Queen’s historian launches book exploring life for women in 19th-century convict prisons in Ireland
An historian from Queen’s University Belfast has launched a book exploring life for women in the nineteenth-century convict prisons in post-Famine Ireland.
This is the first study of women's experiences in a nineteenth-century Irish prison for serious offenders. Showcasing the various crimes for which women were incarcerated in the post-Famine period, from theft to murder, it examines inmate files in close detail in order to understand women's lives before, during and after imprisonment.
‘Women, Crime and Punishment in Ireland, Life in the Nineteenth-Century Convict Prison’, by Dr Elaine Farrell from the School of History, Anthropology, Philosophy and Politics at Queen’s, is published by Cambridge University Press.
Through case studies and individual narratives, Dr Farrell reveals imprisoned women's relationships with each other, with the staff employed to manage and control them, and with their relatives, spouses, children and friends who remained on the outside.
This book shines a light on the hardships many women experienced, their poverty and survival strategies, as well as their responsibilities, obligations, and decisions. Incorporating women's own voices, gleaned from letters and prison files, this intimate insight into individual women's lives in an Irish prison sheds new light on collective female experiences across urban and rural post-Famine Ireland.
Speaking about the publication, Dr Farrell said: “Individual women have a central place in this book, their lives documented in rich historical records precisely because they were convicted of a crime that was thought to warrant a lengthy prison stay. Crimes included serious violent offences like murder and manslaughter, but other offences for which girls and women ended up in prison for years might seem trivial to our eyes.
“In telling these diverse stories of crime and imprisonment, I hope to shed greater light on the broader realities of life in 19th-century Ireland for 'ordinary' girls and women.”
Dr Farrell research focuses on nineteenth- and early-twentieth-century Irish gender and crime history. She has published on infanticide and concealment of birth, imprisonment and transportation, criminal tattoos, and women in WWI.

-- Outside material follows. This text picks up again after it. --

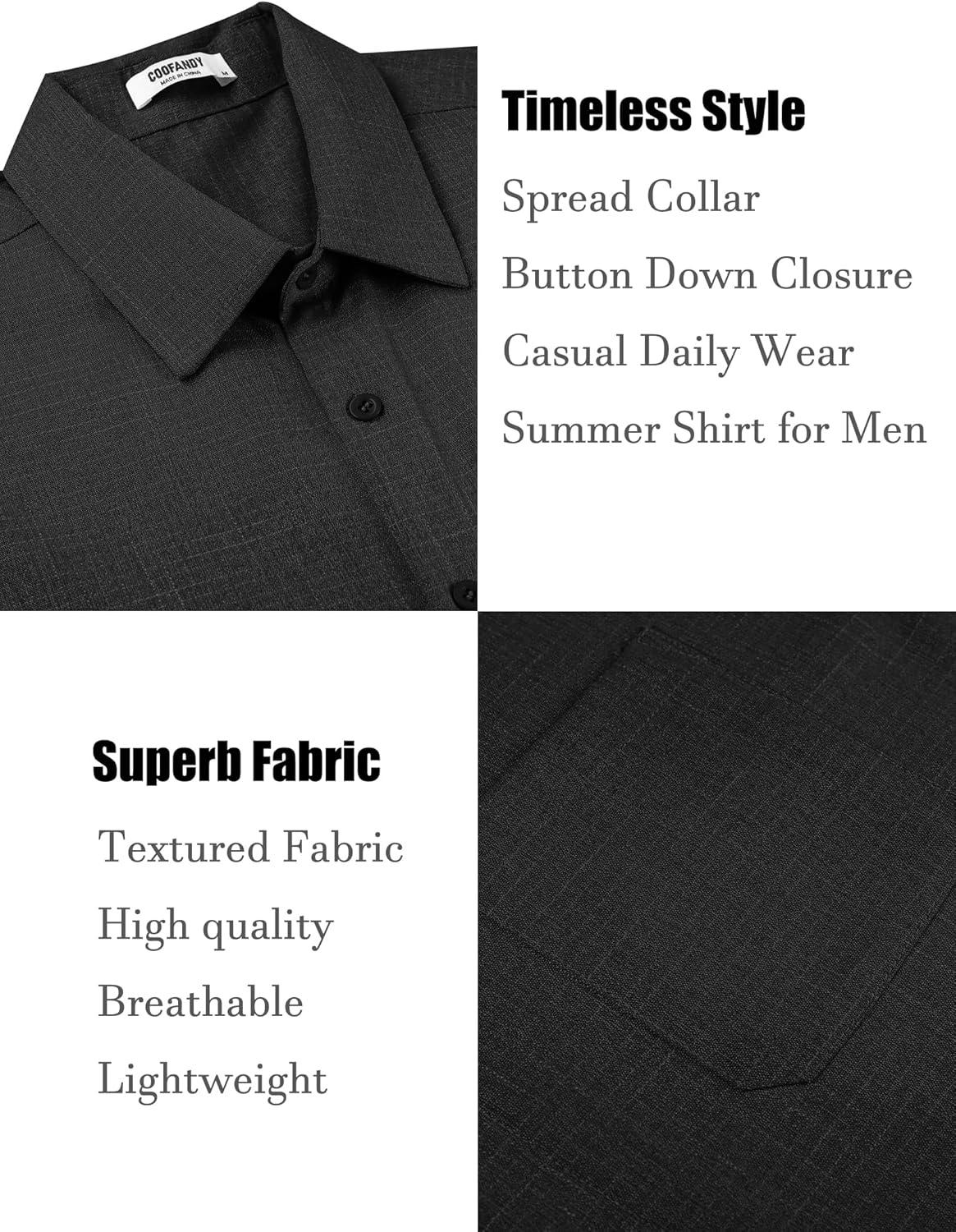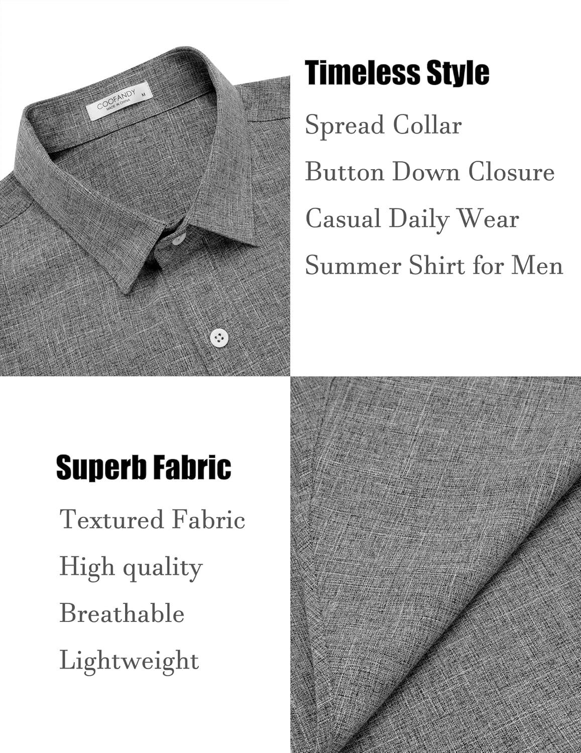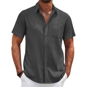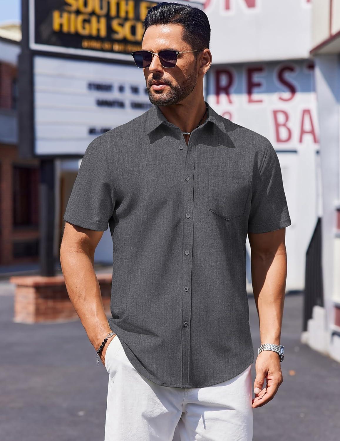 COOFANDY Men’s Linen Shirts Short Sleeve Casual Shirts Summer Beach Button Down Shirts with Pocket(Dark Grey)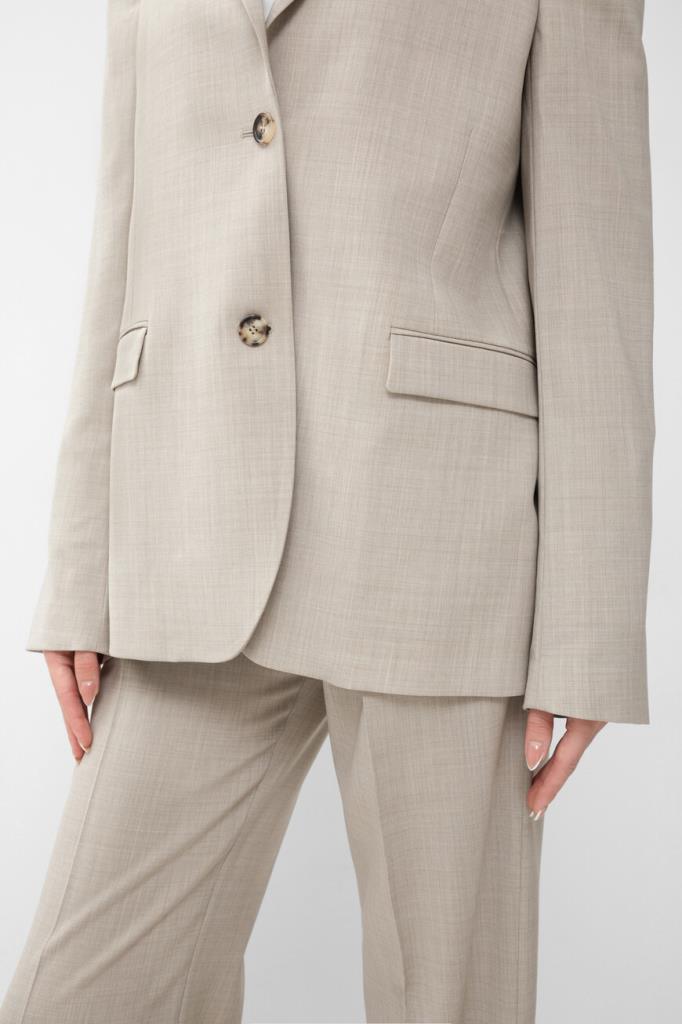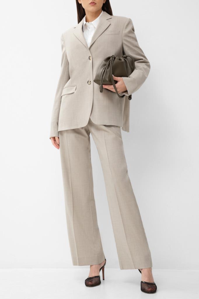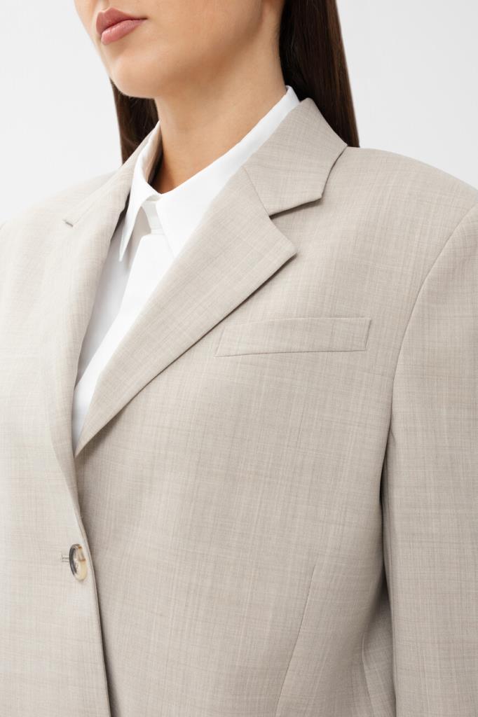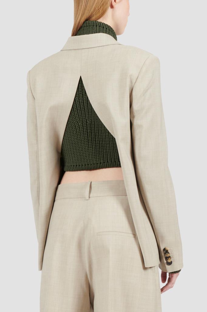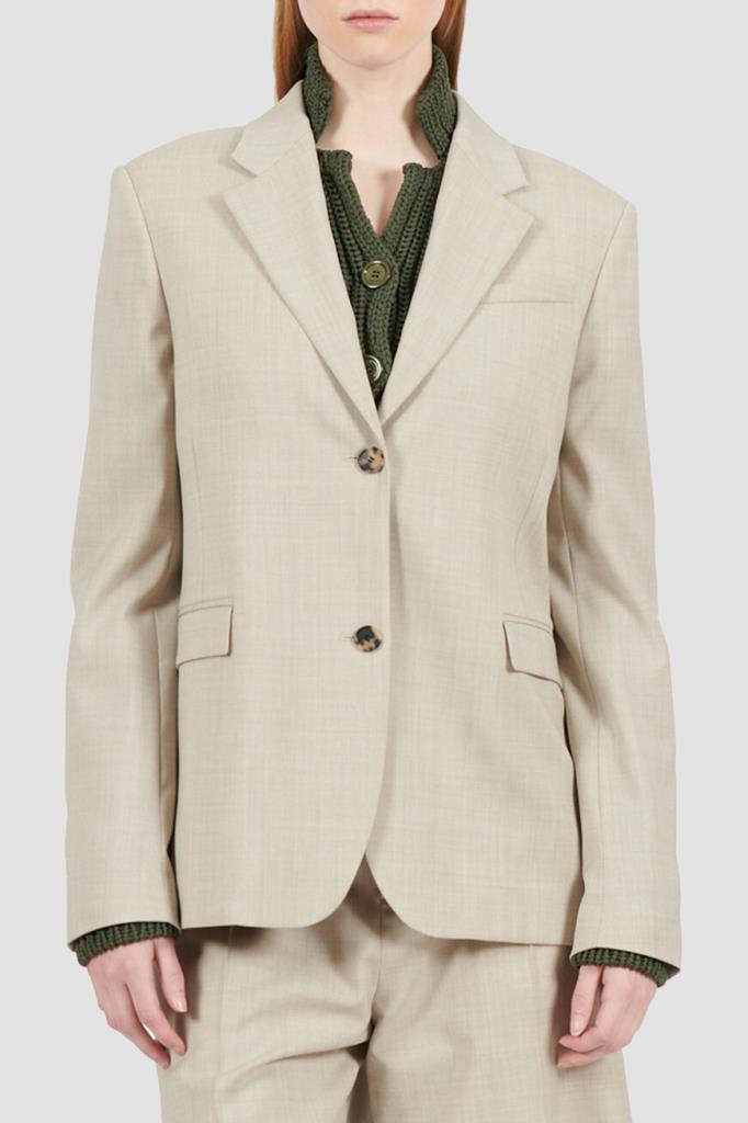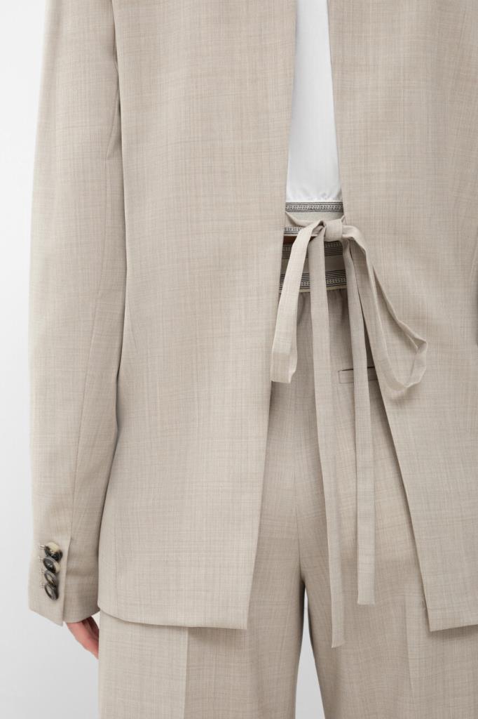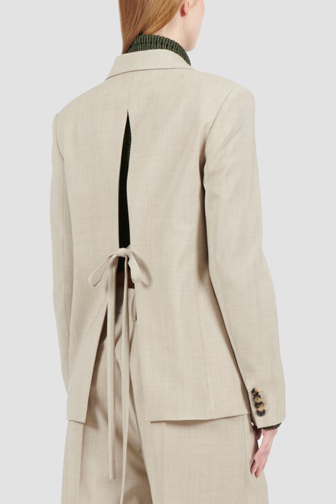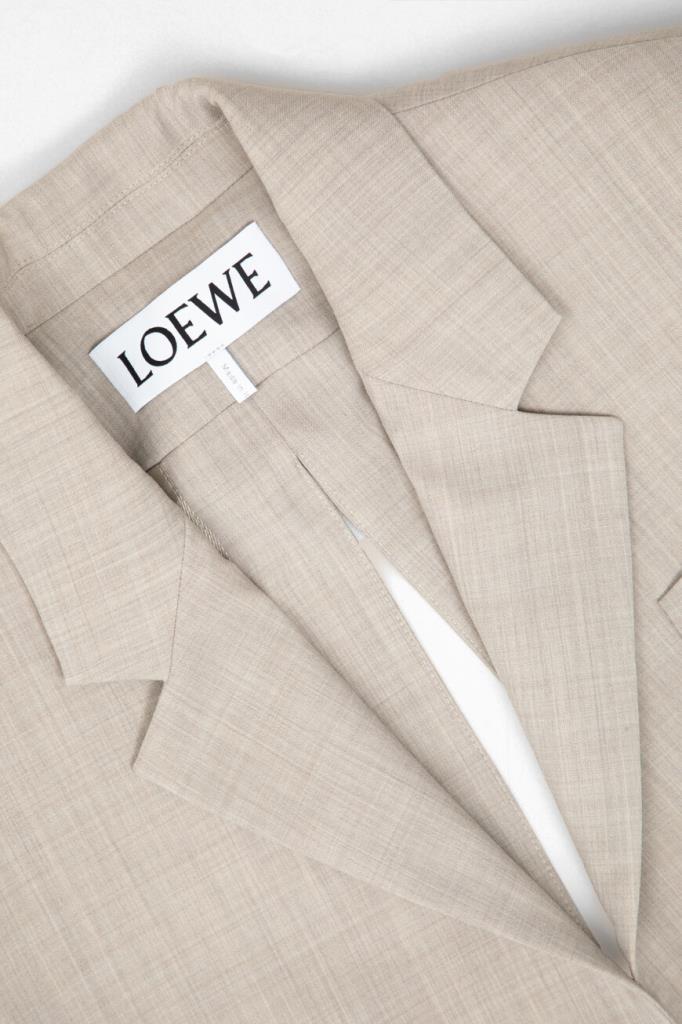 Лёгкий однобортный пиджак LOEWE с глубоким вырезом сзади на завязках. Для изготовления модели дизайнерской конструкции выбрана мягкая плотная шерсть светло-бежевого оттенка. Материал практически не мнётся, поэтому изделие из него долго выглядит безупречно. Создайте повседневный комплект с брендированными шортами прямого силуэта из той же коллекции.

She leads the Arts and Humanities Research Council funded project, ‘“Bad Bridget”: Criminal and Deviant Irish Women in North America, 1838-1918’, with Dr Leanne McCormick at Ulster University, which focuses on the sexually deviant woman, the bad mother and the criminal Irish woman in Boston, New York and Toronto. The “Bad Bridget Podcast’, featuring Derry Girls actor, Siobhán McSweeney, has recently launched and is available on Apple Podcasts and Spotify.